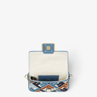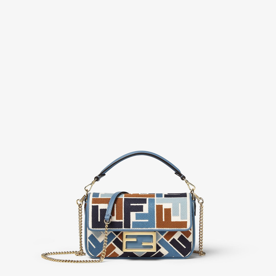 Iconic small Baguette bag made of beige canvas fabric with the iconic embossed FF motif embroidered in multicolor yarn. Trimmed with calfskin and embellished with an FF clasp. Featuring a front flap, magnetic clasp, one canvas fabric-lined internal compartment with a calfskin pocket and gold-finish metalware. The bag can be carried by hand or worn either on the shoulder or cross-body thanks to the handle and chain shoulder strap, both detachable. Holds a 6.7-inch smartphone, Mini Trifold card holder or wallet, keys and lipstick. Made in Italy Composition: 100% calf leather, embroidery: 70% polyester, 30% viscose, inside: 63% cotton, 34% polyester, 3% acrylic Product Code: 8BS017AV16F0ZEK
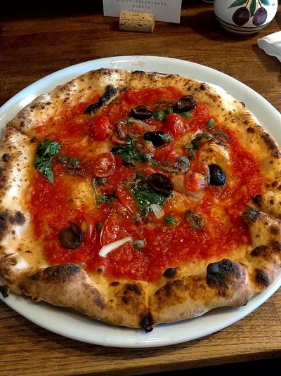 チーズがのっていないピザで、トマトソースにチェリートマト、アンチョビ、オリーブ、ケッパー、ニンニク、オレガノが乗っています。
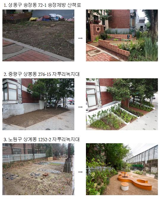 한편, 특별한 쓰임 없이 방치됐던 우리 주변의 자투리 공간을 작지만 활력 넘치는 휴식공간으로 탈바꿈하는 서울시의 ?72시간 프로젝트?는 2012년부터 추진하여 올해까지 9년 간 총 78개 공간을 조성하여 서울시 내 공원녹지 소외지역 해소에 일조하였다.
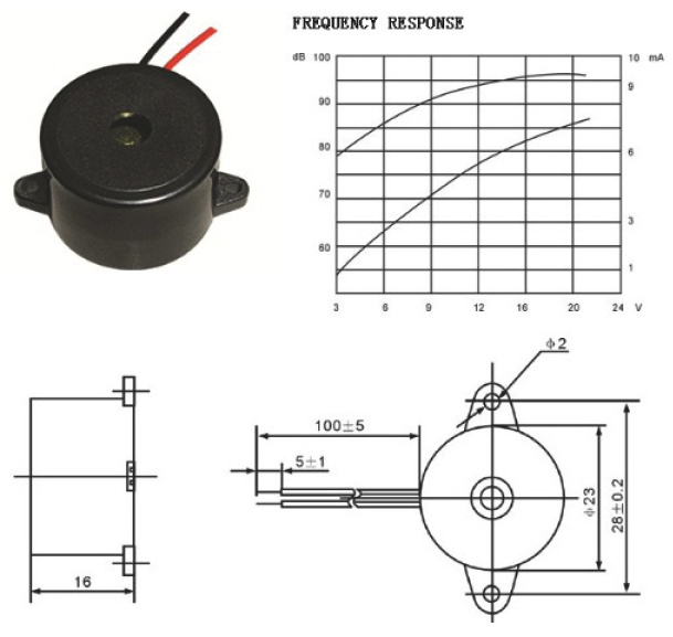 壓電式有源蜂鳴器連續聲24V/8mA 90dB
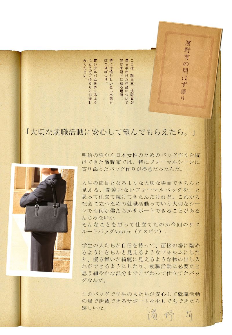 他の画像を見る 【傳濱野】皇室御用達 濱野家が仕立てる正統派リクルートバッグ Aspire(アスピア) 就活バッグ 就職活動用バッグ フレッシャーズバッグ 新卒バッグ 販売価格 ¥ 38,500 税込 在庫切れ
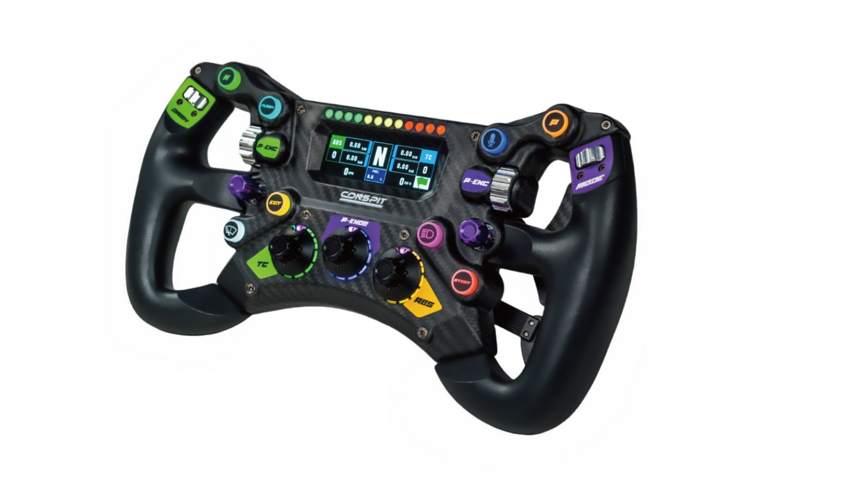 Ultraleichtes Chassis aus Carbon und Aluminium, Bis zu 110 unabhängige Eingabemöglichkeiten, 2,99-Zoll-Racing-Display mit 7 Telemetrie-Seiten, Magnetische Schalt- & Kupplungspaddles, RGB-Buttons und LED-Anzeigen, SimHub-ready
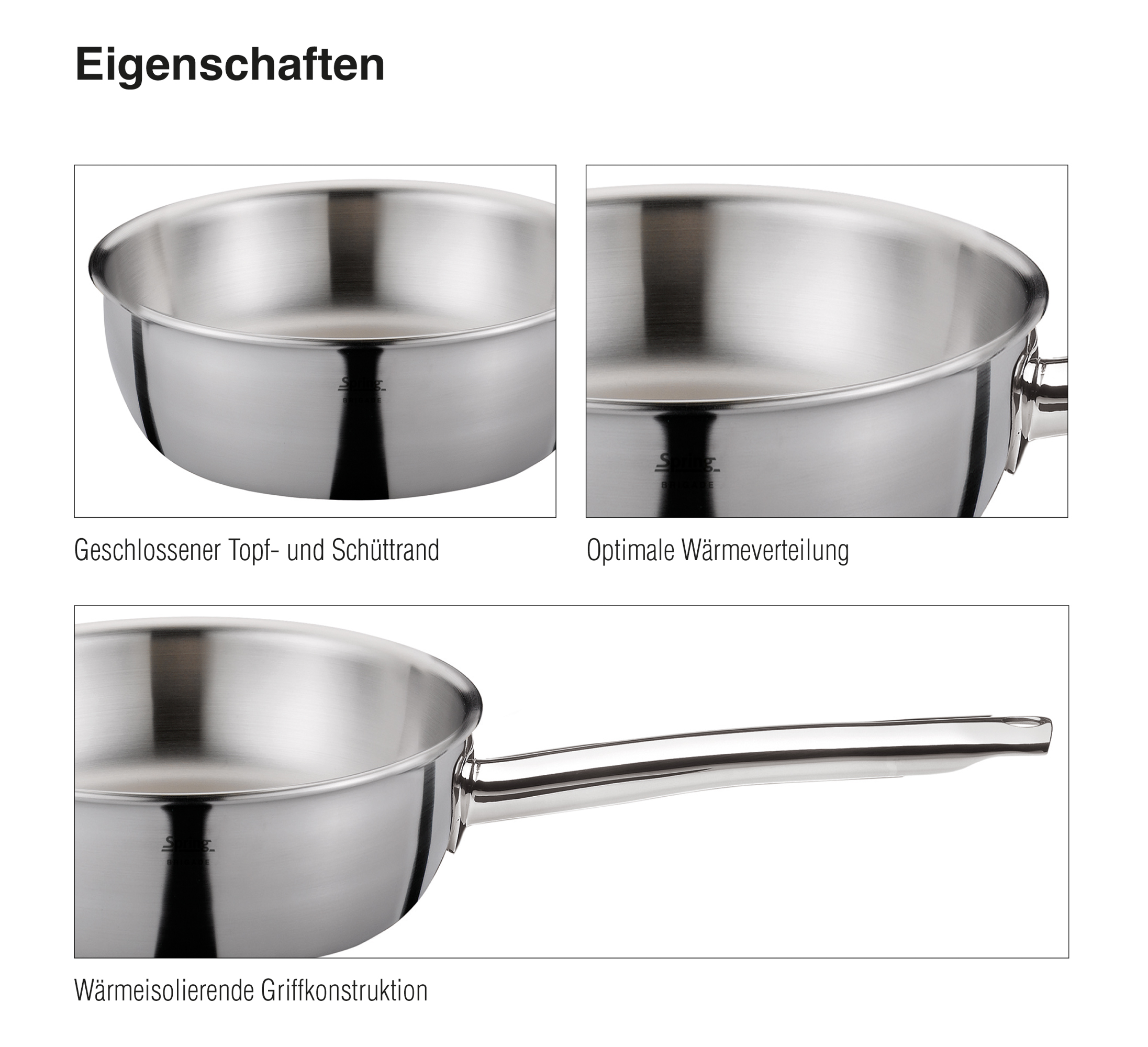 Das Multitalent für Profis und Hobbyköche: die Sauteuse der Kochgeschirrlinie BRIGADE PREMIUM von SPRING. Ihr 5-Lagen-Mehrschichtmaterial leitet die Hitze schnell und gleichmäßig vom Boden bis zum Rand. Ideal zum scharfen Anbraten, zeit- und energiesparenden Zubereiten von Fisch, Fleisch, Gemüse und Saucen. Der wasserfest verschweißte Stiel aus Edelstahl liegt gut in der Hand und ist bequem, wenn Sie Ihr Gargut in Butter schwenken. Mit ihrem hohen Rand ist die Sauteuse perfekt zum Zubereiten, Anschlagen und Reduzieren von Saucen. Dank der konischen Form kommen Sie mit Ihrem Schneebesen oder Kochlöffel bis in den letzten Winkel, nichts brennt an. Der abgerundete Schüttrand ermöglicht ein kleckerfreies Ausgießen. Weiteres Plus: Die Sauteuse aus hochwertigem Edelstahl ist spülmaschinen- und backofenfest.

TASK DETAILS
An exact copy of the lines above from the one with "한편, 특별한 쓰임 없이" up to and including the one with "Ultraleichtes Chassis aus" is required; reproduce only those lines, omitting all pictures.

RESULT BELOW
 한편, 특별한 쓰임 없이 방치됐던 우리 주변의 자투리 공간을 작지만 활력 넘치는 휴식공간으로 탈바꿈하는 서울시의 ?72시간 프로젝트?는 2012년부터 추진하여 올해까지 9년 간 총 78개 공간을 조성하여 서울시 내 공원녹지 소외지역 해소에 일조하였다.
 壓電式有源蜂鳴器連續聲24V/8mA 90dB
 他の画像を見る 【傳濱野】皇室御用達 濱野家が仕立てる正統派リクルートバッグ Aspire(アスピア) 就活バッグ 就職活動用バッグ フレッシャーズバッグ 新卒バッグ 販売価格 ¥ 38,500 税込 在庫切れ
 Ultraleichtes Chassis aus Carbon und Aluminium, Bis zu 110 unabhängige Eingabemöglichkeiten, 2,99-Zoll-Racing-Display mit 7 Telemetrie-Seiten, Magnetische Schalt- & Kupplungspaddles, RGB-Buttons und LED-Anzeigen, SimHub-ready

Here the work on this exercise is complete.